Some people use molds made from boards. Moreover, the more irregularities and roughness on their surfaces, the better. The composition after pouring will repeat these defects, which will give it a resemblance to wild stone. A sample is not needed with this technique.

Silicone mold

The simplest and cheapest option is silicone sealant. Its significant disadvantage is that it takes a long time to dry. This material requires careful handling, as it stretches quite quickly and the mold loses its original shape. In general, silicone is distinguished by its degree of viscosity. Forms with a high level of detail are made from liquid compositions, which is not required when creating stone. Thick silicone is ideal for replicating the rough, rough surface of a natural sample. The stones are laid in orderly rows on plywood or a sheet of chipboard. It is advisable to pre-glue them. Each stone is then coated with a release agent, which will prevent it from sticking to the mold. After this, formwork is constructed from MDF or plywood, which is attached to a flat base. All joints are carefully sealed. Then the mold is filled with silicone. Now you need to leave the mold to dry (about a day). After this, the formwork is disassembled and the mold is carefully separated from the samples. If somewhere the mold does not give in, then you can carefully help it with a stationery knife.

To avoid the formation of voids, the silicone is carefully leveled and lightly tamped with a spatula. To prevent the tool from getting stuck in the solidifying liquid, it is lubricated with grease or any dishwashing liquid.

Compound mold

Compound is a polymer mixture containing two main components:

  • Viscous substance.
  • A catalyst that, under certain conditions, initiates the hardening process.

Compound molds are made in the same way as silicone molds. By the way, it is also present in most compositions. A bottle of catalyst is included with the base substance. In a separate container, the two components are carefully mixed. It is not recommended to vigorously beat the compound, as this will create bubbles, which can then lead to unsightly voids in the artificial pebbles. Then the mixture is poured into samples mounted on a piece of plywood and surrounded by formwork. If the matrix is ​​small, then it can be made in a large bucket or bowl. After hardening, the molds are washed with running water, since the smell of the compound is not pleasant.
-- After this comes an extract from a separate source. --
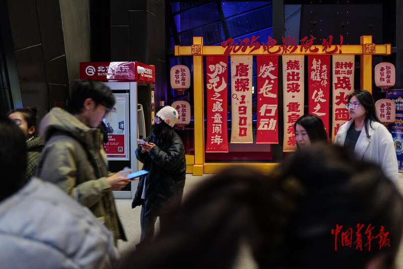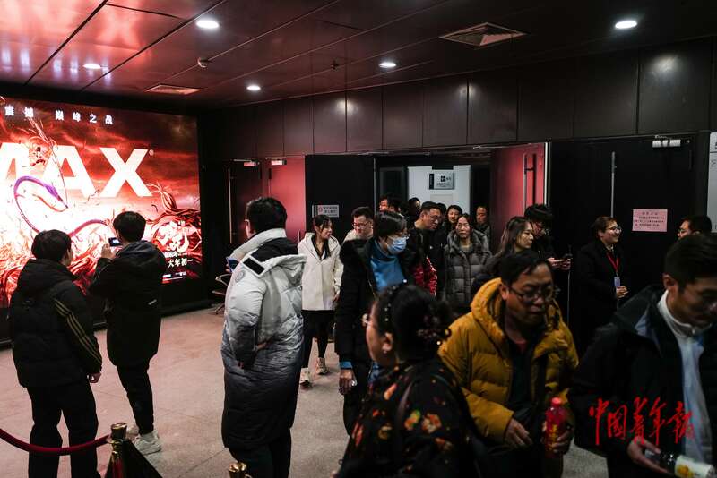 2月13日晚,北京,中国电影博物馆,观看完《哪吒之魔童闹海》的观众离场。统计数据显示,当日,该片票房(含预售)超过100亿元,成为我国影史首部百亿元票房影片。 中青报·中青网记者 赵迪/摄
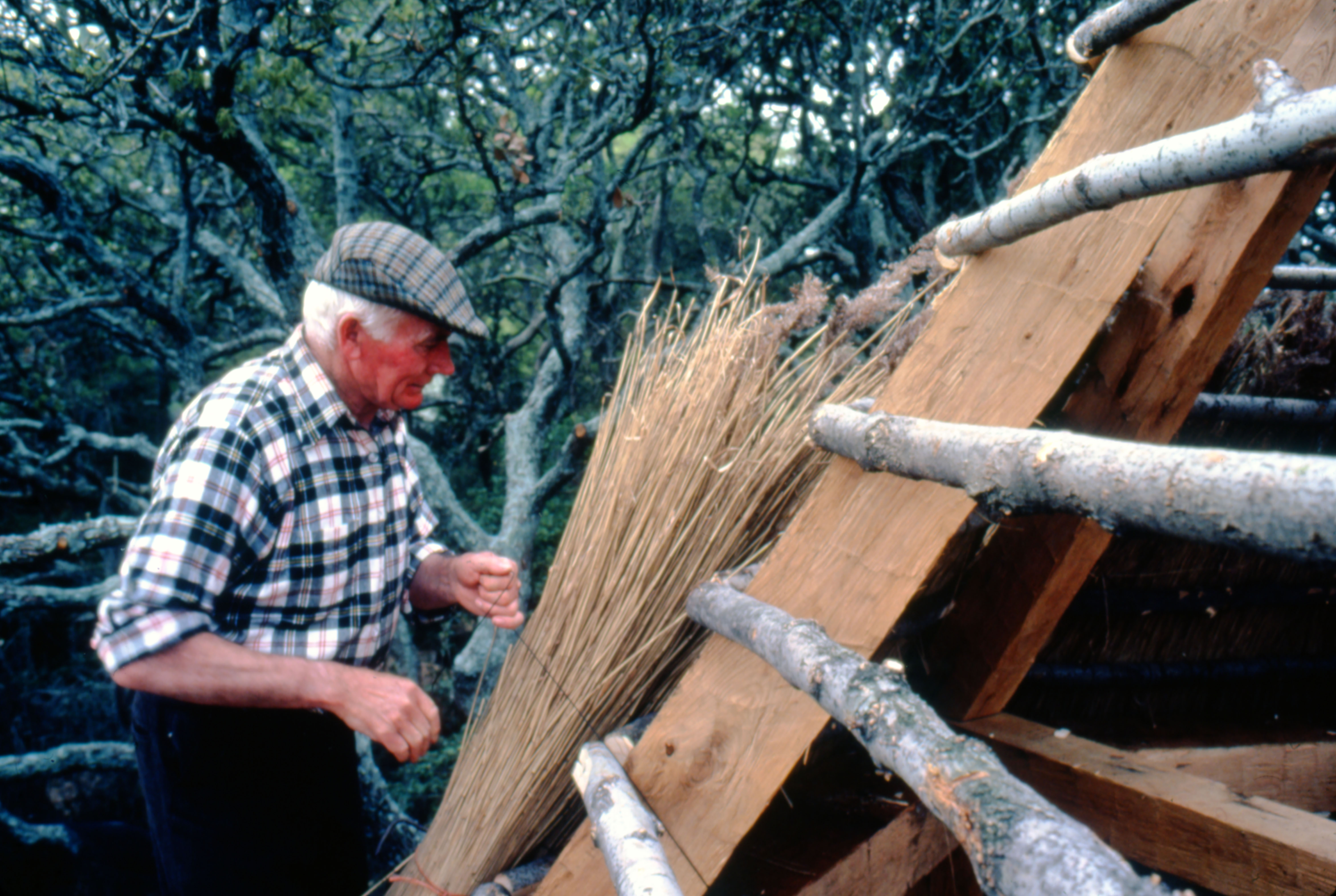 thatched roof gazebo using sixteenth century techniques, with reed sent all the way from

The compound is often used to create molds for soap, wax candles and even repeating elements of bas-reliefs and sculptures.

Monolithic rock-like stone

The works of a FORUMHOUSE member with the nickname rogok evoke delight and a desire to immediately master the stichel to perfection. But to learn this, even several years of hard training are not enough - impeccable taste and artistic vision are also required. This skill is no longer even a skill, but an art.

This house in the Moscow region, plastered “lock and key”, is the work of our user’s partner, made using the following “insanely simple” technology, in which not a single “stone” is repeated.

rogok

You don’t have to bother with shapes, but make everything a monolith, “cut” it to fit any type of wood, and then paint it with acrylic and fill it with varnish. The only disadvantage of this technique is that you need artistic taste and a vision of what you want to get in the end.

Here is a description of the technology in general terms: any mesh (like for plaster). There are up to 30 dowels per mesh square. A coating layer is applied to the mesh, which should completely hide it.

After drying, a base layer of 3 to 10 cm is applied to the coating layer (otherwise the required volume will not be obtained), which is textured and cut. The cutting depth of the main layer is up to the first coating layer. When the base layer dries, it is painted with acrylic and varnish is applied.

rogok

Depending on the “type of stone” there is a sequence: seams, backing, transitions, etc. Everything can be sewn into stone.

This technology is actively used in the USA, in Hollywood it is used to create scenery, all zoos are built using it, and in private housing construction it is used to decorate fireplaces, waterfalls, swimming pools, alpine slides, etc.

This work uses sand concrete and additives - polymers that make the solution plastic, like plasticine. Sand concrete dries, and when it is grouted, large particles come out, so the stone looks just like natural.

rogok

We do not use stamps, only dies (homemade tools made from spatulas, which craftsmen bend and cut at their discretion) and rollers with stones (homemade).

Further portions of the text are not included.